_Exercise directions_
The expected result is the full set of records, copied precisely, with images dropped.

_Material for this task_
━━━
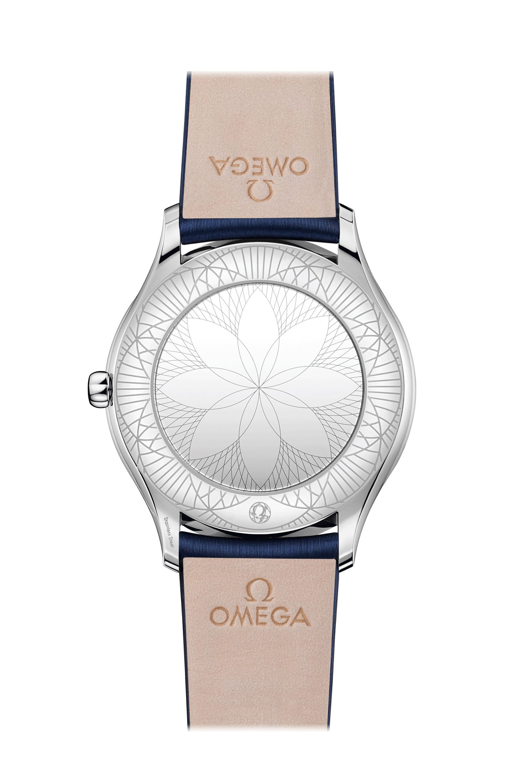 Der Gehäuseboden ist aus speziellem Glas und mit einem „Her Time“-Dekor gefertigt. Abgerundet wird das Ensemble durch ein blaues Textilarmband.
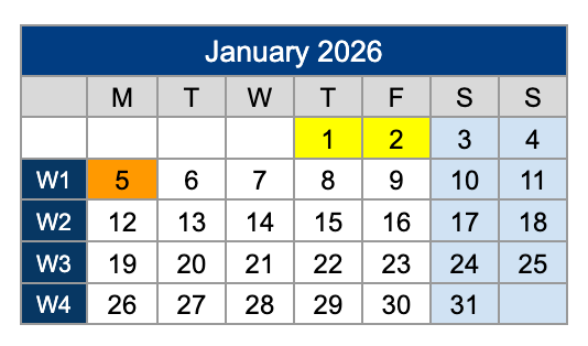 • First day of Term 2 – Monday 5th January
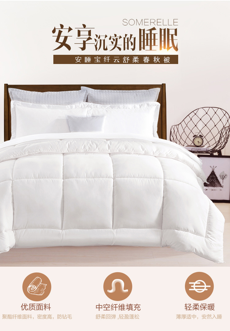 安睡宝(SOMERELLE)被子 英威达科技纤维春秋被芯 舒柔四季盖被棉被空调被 双人 纤云白
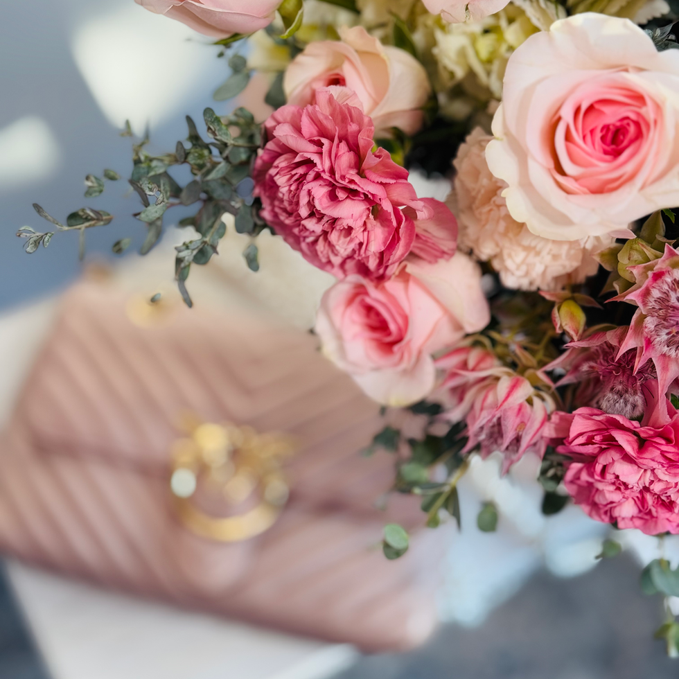 A luxurious floral arrangement in a stylish gift box, crafted with fresh, premium flowers for an exquisite and romantic look. The soft shades of pink and white create a delicate and elegant composition, making it the perfect gift for any special occasion.
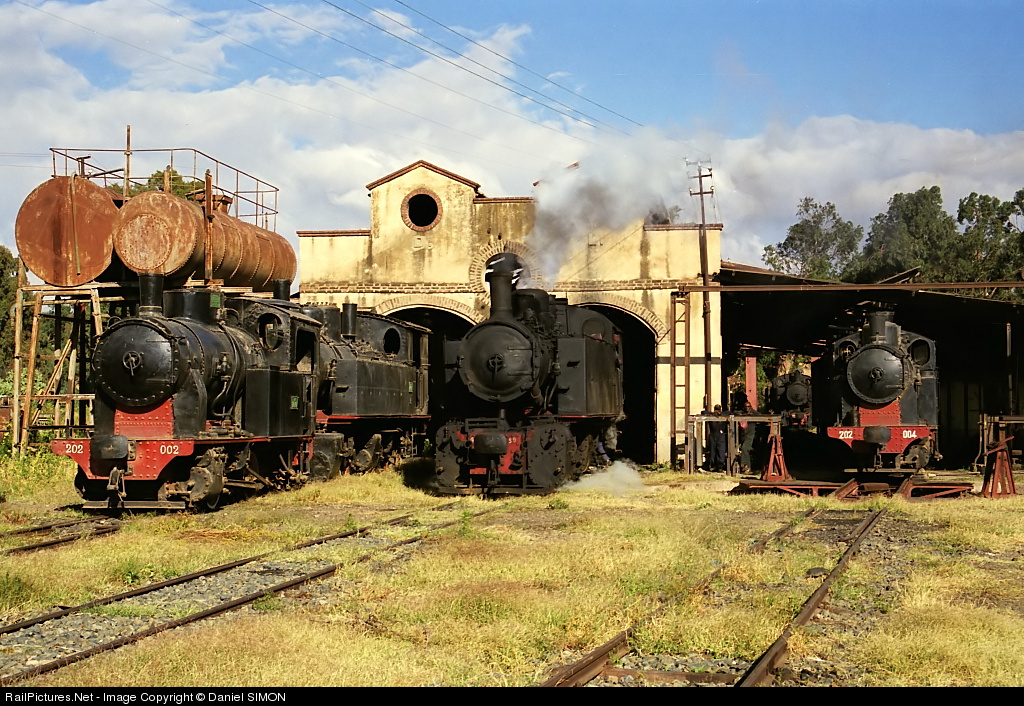 | Three classes of steam locomotive still exist today in Eritrea and they are all shown in this picture. The small 0-4-0 tank engines of the 202 class were the standard shunter locomotives of the system. They have been built between 1927 and 1937 by Breda in Milan. The 440 class Mallet locomotive has been built by Ansaldo in Genova in 1915. The larger locomotives of the 442 class were also built by Ansaldo in Genova but in 1938. |
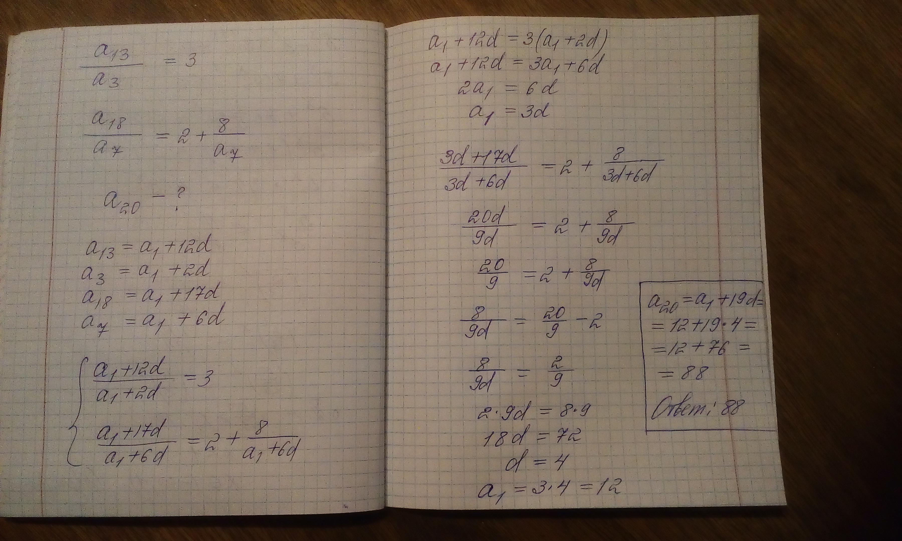 При делении 13-го члена арифметической прогрессии на ее 3-й член в частном получается 3, а при делении 18-го члена на 7-й в частном получается 2 и в остатке 8. Найти 20-й член прогрессии.
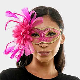 Elegant Feather Glitter Detail Masquerade Halloween Mask
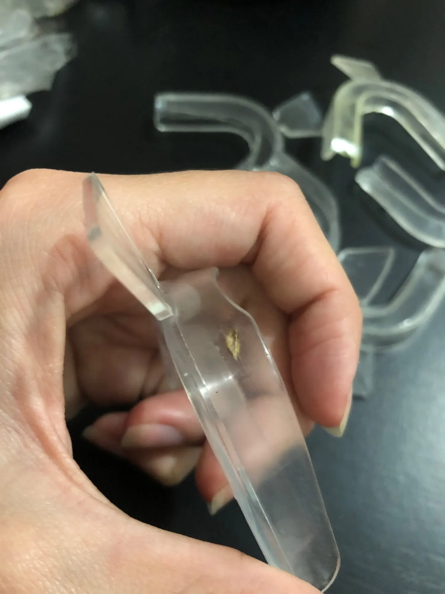 Товар пришёл очень быстро. Купила эти капы в первые. Возникли трудности с её варением, пробовала несколько раз. Только заливая в кипяток она размягчается. Но вся сжалась и уменьшилась в размере. В итоге получилась толстая и рот невозможно закрыть в ней, на фото видно. В итоге одну испортила, пыталась переварить и сильно растянула. Осталась ещё одна, потренируюсь на ней.
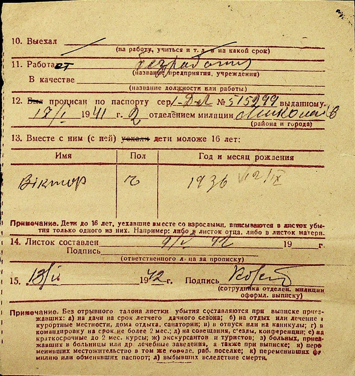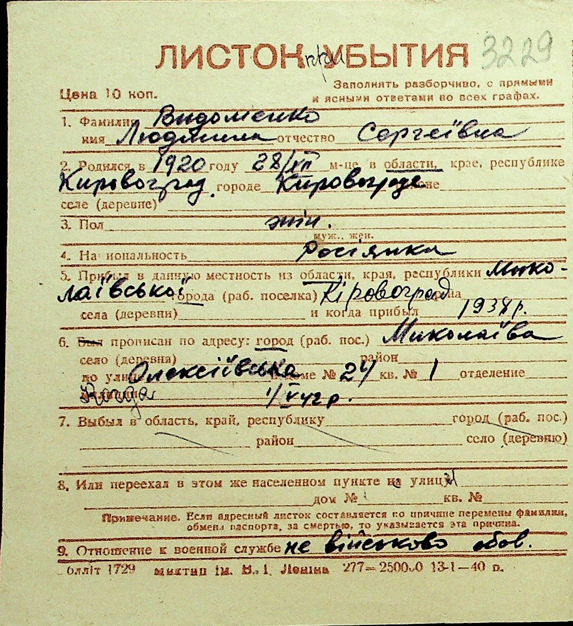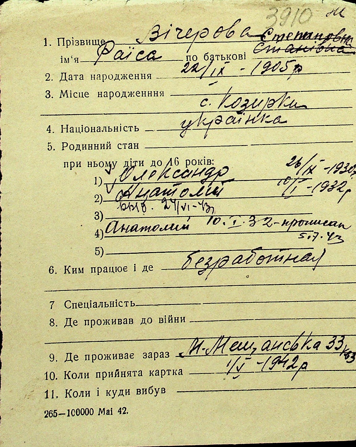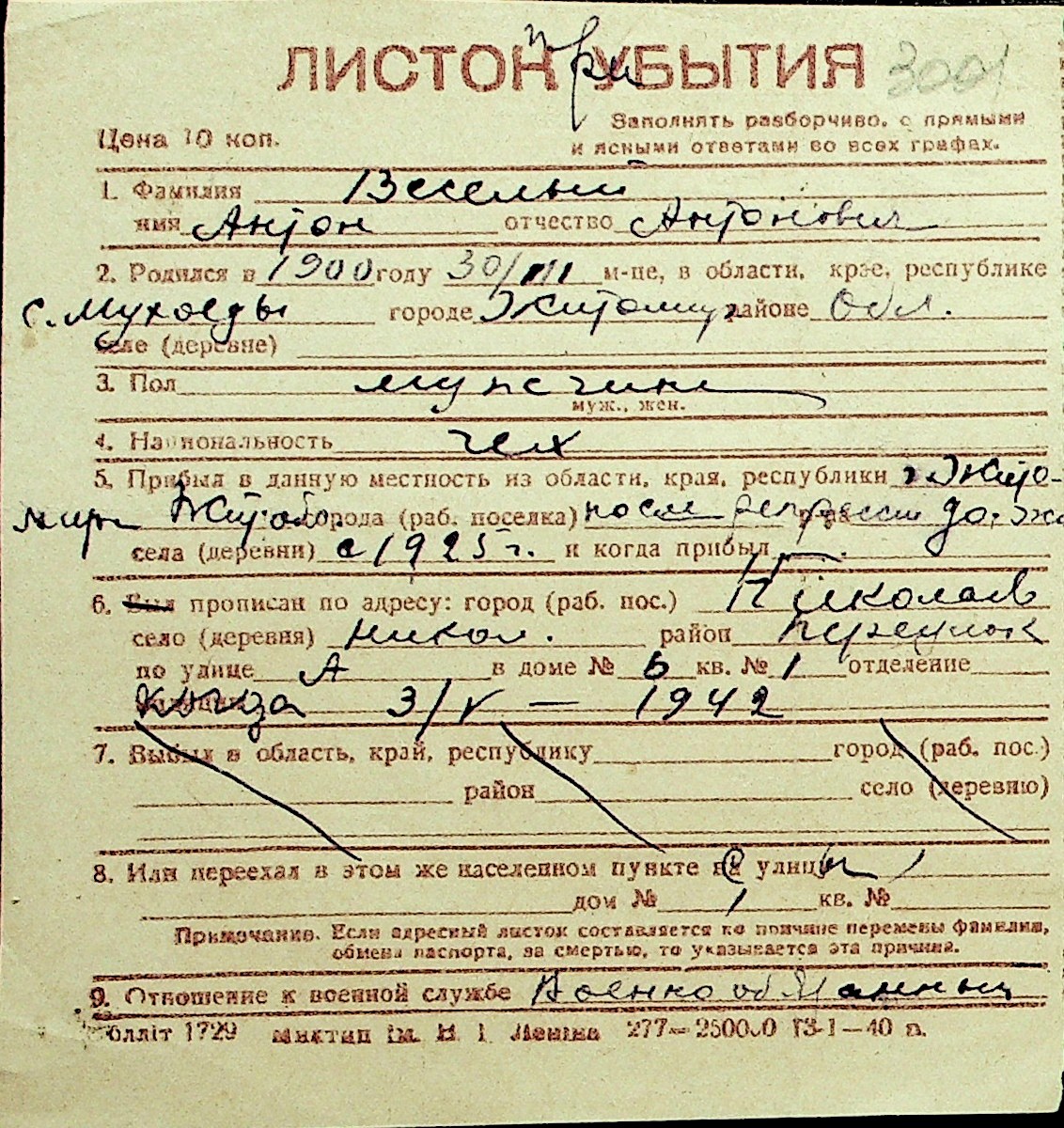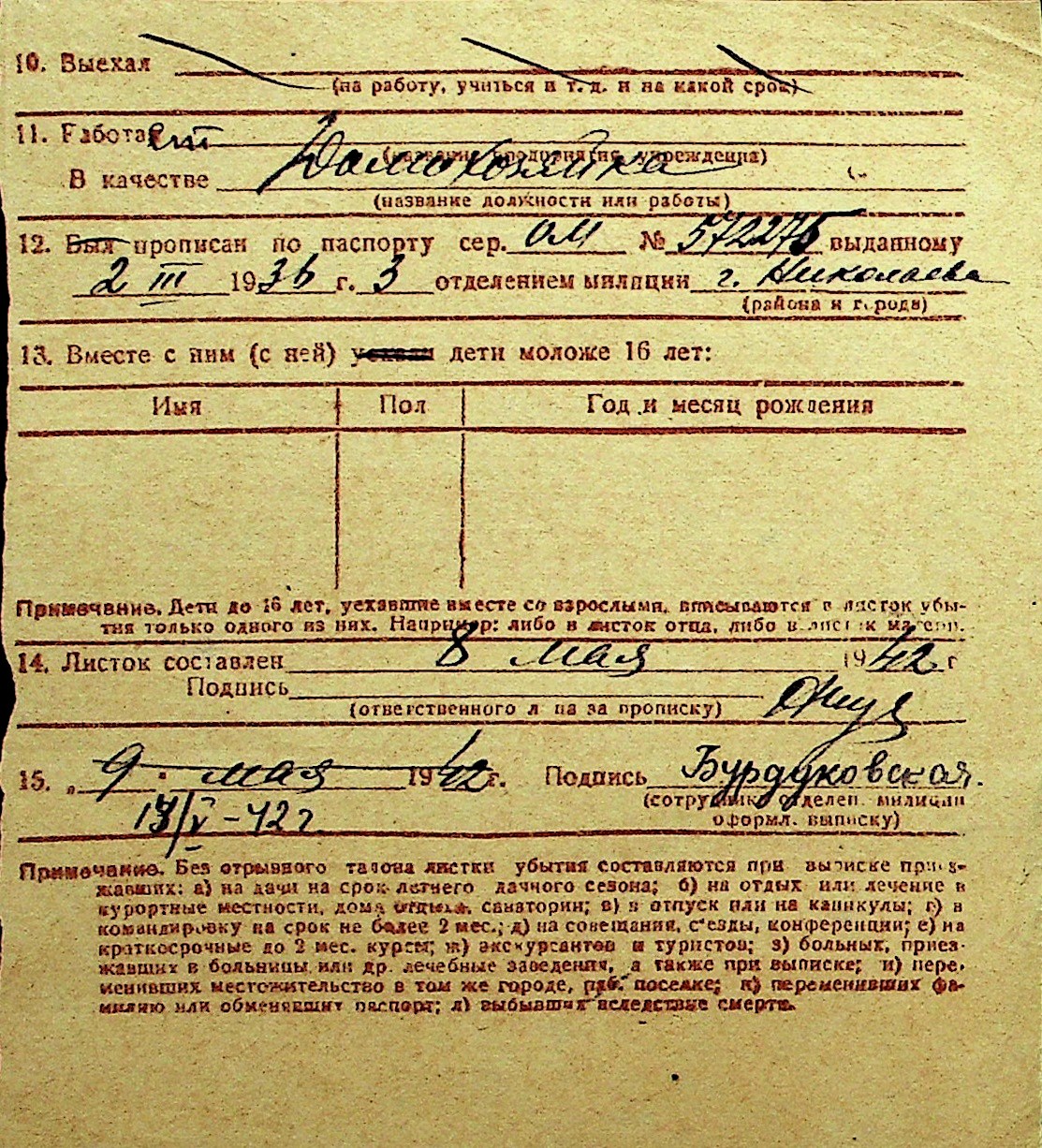 • • Перелік карток до фонду № Н-1016
━━━
_Written reply_
 Der Gehäuseboden ist aus speziellem Glas und mit einem „Her Time“-Dekor gefertigt. Abgerundet wird das Ensemble durch ein blaues Textilarmband.
 • First day of Term 2 – Monday 5th January
 安睡宝(SOMERELLE)被子 英威达科技纤维春秋被芯 舒柔四季盖被棉被空调被 双人 纤云白
 A luxurious floral arrangement in a stylish gift box, crafted with fresh, premium flowers for an exquisite and romantic look. The soft shades of pink and white create a delicate and elegant composition, making it the perfect gift for any special occasion.
 | Three classes of steam locomotive still exist today in Eritrea and they are all shown in this picture. The small 0-4-0 tank engines of the 202 class were the standard shunter locomotives of the system. They have been built between 1927 and 1937 by Breda in Milan. The 440 class Mallet locomotive has been built by Ansaldo in Genova in 1915. The larger locomotives of the 442 class were also built by Ansaldo in Genova but in 1938. |
 При делении 13-го члена арифметической прогрессии на ее 3-й член в частном получается 3, а при делении 18-го члена на 7-й в частном получается 2 и в остатке 8. Найти 20-й член прогрессии.
 Elegant Feather Glitter Detail Masquerade Halloween Mask
 Товар пришёл очень быстро. Купила эти капы в первые. Возникли трудности с её варением, пробовала несколько раз. Только заливая в кипяток она размягчается. Но вся сжалась и уменьшилась в размере. В итоге получилась толстая и рот невозможно закрыть в ней, на фото видно. В итоге одну испортила, пыталась переварить и сильно растянула. Осталась ещё одна, потренируюсь на ней.
 • • Перелік карток до фонду № Н-1016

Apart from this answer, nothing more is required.